───── Data to use ─────
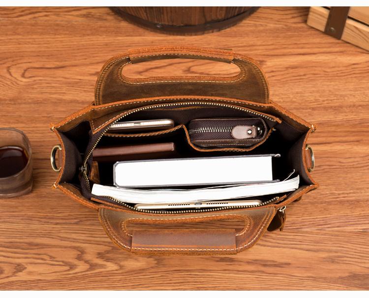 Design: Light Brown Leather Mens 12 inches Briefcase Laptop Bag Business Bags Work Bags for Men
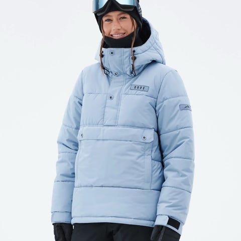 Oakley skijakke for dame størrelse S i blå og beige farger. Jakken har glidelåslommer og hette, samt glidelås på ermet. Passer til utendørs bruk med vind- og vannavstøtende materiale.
─────
───── Data to use ─────
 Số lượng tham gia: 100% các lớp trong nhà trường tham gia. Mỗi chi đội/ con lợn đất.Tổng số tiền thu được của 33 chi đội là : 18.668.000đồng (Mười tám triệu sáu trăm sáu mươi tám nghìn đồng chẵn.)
─────
**What to work on:**
What is needed is an exact copy of the lines above, from the one holding "Design: Light Brown" down to the one holding "Oakley skijakke for", with those two included and the pictures left out.

**Exercise solution:**
 Design: Light Brown Leather Mens 12 inches Briefcase Laptop Bag Business Bags Work Bags for Men
 Oakley skijakke for dame størrelse S i blå og beige farger. Jakken har glidelåslommer og hette, samt glidelås på ermet. Passer til utendørs bruk med vind- og vannavstøtende materiale.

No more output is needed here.